═════ Material provided ═════

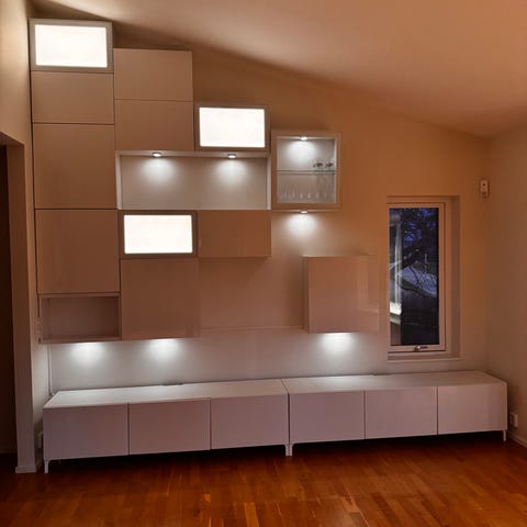 Fin bokhyllan Bestå 14 dörrar, glashyllor 9st, Hyllor 17 st, 2 st lådor, ny pris ligger runt 15-17 000 kr inget prutande
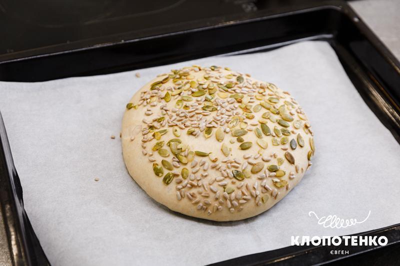 - За допомогою кулінарного пензлика, змастити хліб водою та присипати зверху насіння.
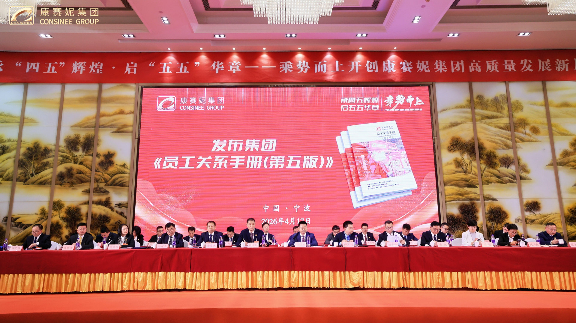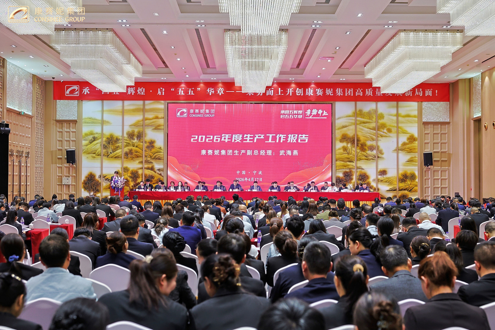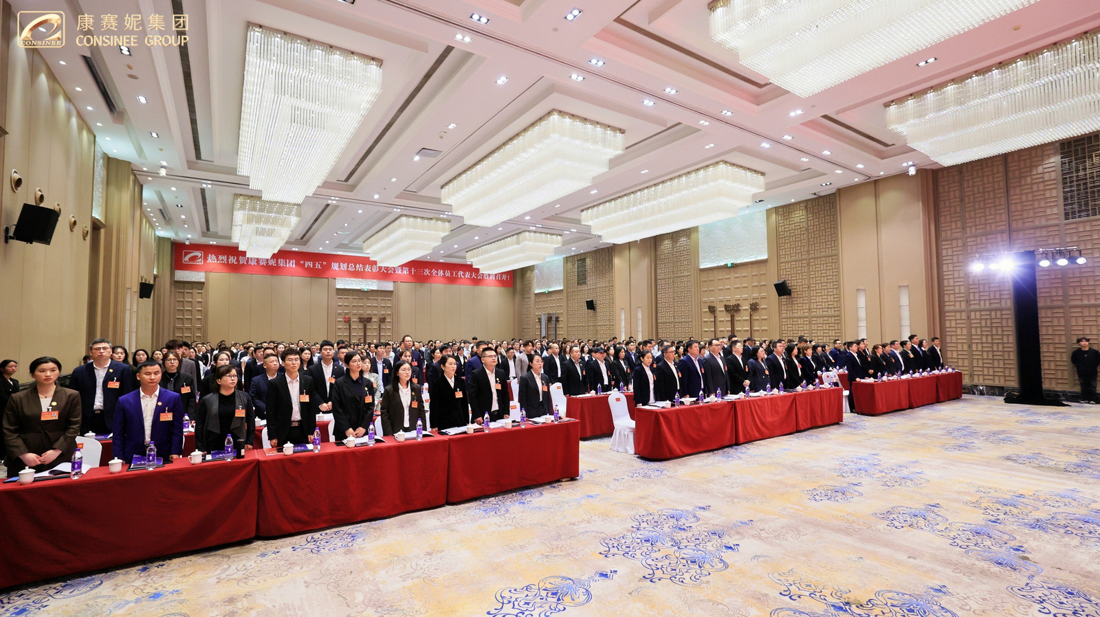 春启新程,功耀华章!2026年4月17日上午,康赛妮集团“四五”规划总结表彰大会暨第十三次全体员工代表大会开幕式在柏林环球酒店隆重召开!大会以“承四五辉煌·启五五华章,乘势而上开创康赛妮集团高质量发展新局面”为主题,来自集团总部各职能部门、各生产分厂班长以上管理干部、新进大学生代表、老员工代表,来自集团各驻外分支机构列席代表和特邀代表,以及全程参与“四五”规划的建设者们共计五百余人,共忆峥嵘岁月,共庆发展硕果,共绘奋进新篇,以昂扬之姿,开启集团高质量发展的全新征程!
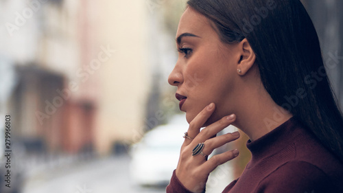 street, portrait, hair, coiffure, 20s, posing, beautiful, face, road, alley, young, woman, people, girl, urban, city, person, female, summer, outdoors, pretty, adult, attractive, europa, caucasian, lady, outside, town, spring, autumn, fall, cute, european, style, brunette, sad, depressed, problem, issue, grieved, bored, single, alone, 1, thinking, pressure, stress
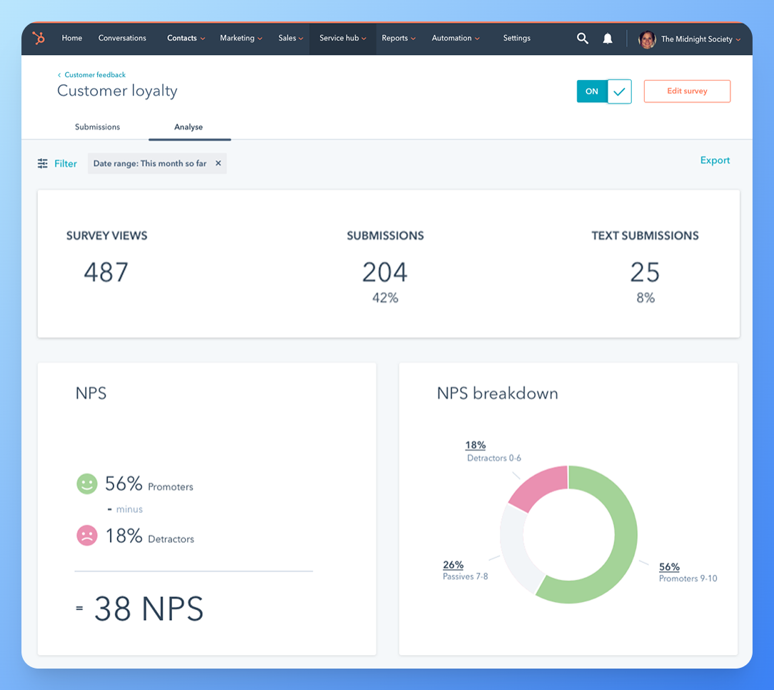 Popular marketing software solution HubSpot also offers a customer feedback software tool that makes it easy for users to create various types of customer satisfaction surveys and customer experience surveys, such as NPS, CSAT, and CES.
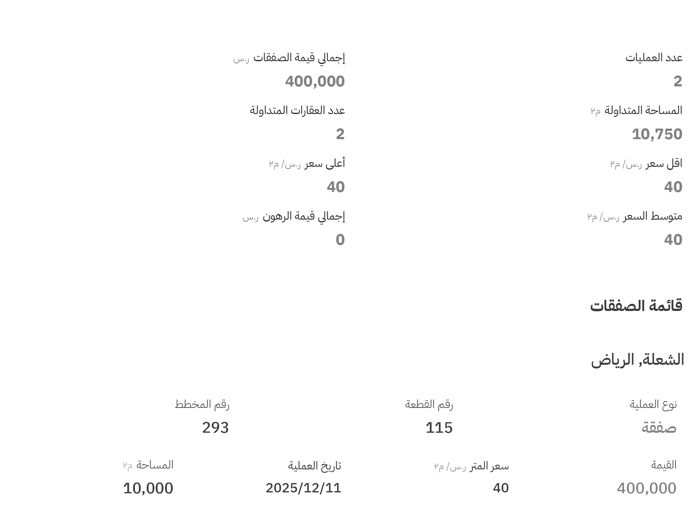 فيما سجلت مخططات شرق الرياض صفقة عقارية واحدة في ذلك اليوم، وفقًا لـ البورصة العقارية.
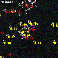Black segments are analyzed here. Roll mouse over color images to view segments. Best viewed in a wide browser window (1200 pixels or more). Download SED & P(z) plots to view larger versions.
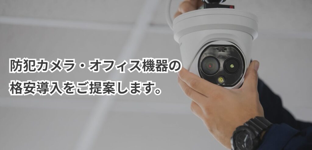 ファーストビューには防犯カメラの写真を背景としたビジュアルを配置し、「防犯カメラ・オフィス機器の格安導入をご提案します」というメッセージを重ねています。ここで主要な訴求ポイントを端的に伝え、サイト訪問者に対する事業の方向性を即座に明示しています。写真は手でカメラを設置する様子を切り取っており、業務領域の具体性を高めています。テキストは中央配置でバランスよくレイアウトし、背景画像とのコントラストにより視認性を確保しています。
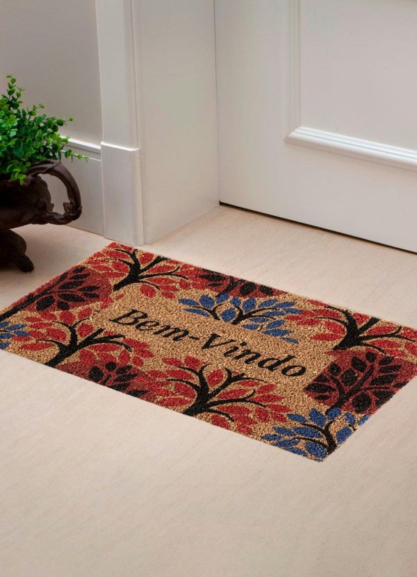 Capacho em 100% Fibra de Coco com base em borracha está disponível no tamanho 33cm x 60cm.

═════

Could the entries above be copied out exactly, with no pictures included?

**Problem solution**
 Fin bokhyllan Bestå 14 dörrar, glashyllor 9st, Hyllor 17 st, 2 st lådor, ny pris ligger runt 15-17 000 kr inget prutande
 - За допомогою кулінарного пензлика, змастити хліб водою та присипати зверху насіння.
 春启新程,功耀华章!2026年4月17日上午,康赛妮集团“四五”规划总结表彰大会暨第十三次全体员工代表大会开幕式在柏林环球酒店隆重召开!大会以“承四五辉煌·启五五华章,乘势而上开创康赛妮集团高质量发展新局面”为主题,来自集团总部各职能部门、各生产分厂班长以上管理干部、新进大学生代表、老员工代表,来自集团各驻外分支机构列席代表和特邀代表,以及全程参与“四五”规划的建设者们共计五百余人,共忆峥嵘岁月,共庆发展硕果,共绘奋进新篇,以昂扬之姿,开启集团高质量发展的全新征程!
 street, portrait, hair, coiffure, 20s, posing, beautiful, face, road, alley, young, woman, people, girl, urban, city, person, female, summer, outdoors, pretty, adult, attractive, europa, caucasian, lady, outside, town, spring, autumn, fall, cute, european, style, brunette, sad, depressed, problem, issue, grieved, bored, single, alone, 1, thinking, pressure, stress
 Popular marketing software solution HubSpot also offers a customer feedback software tool that makes it easy for users to create various types of customer satisfaction surveys and customer experience surveys, such as NPS, CSAT, and CES.
 فيما سجلت مخططات شرق الرياض صفقة عقارية واحدة في ذلك اليوم، وفقًا لـ البورصة العقارية.
Black segments are analyzed here. Roll mouse over color images to view segments. Best viewed in a wide browser window (1200 pixels or more). Download SED & P(z) plots to view larger versions.
 ファーストビューには防犯カメラの写真を背景としたビジュアルを配置し、「防犯カメラ・オフィス機器の格安導入をご提案します」というメッセージを重ねています。ここで主要な訴求ポイントを端的に伝え、サイト訪問者に対する事業の方向性を即座に明示しています。写真は手でカメラを設置する様子を切り取っており、業務領域の具体性を高めています。テキストは中央配置でバランスよくレイアウトし、背景画像とのコントラストにより視認性を確保しています。
 Capacho em 100% Fibra de Coco com base em borracha está disponível no tamanho 33cm x 60cm.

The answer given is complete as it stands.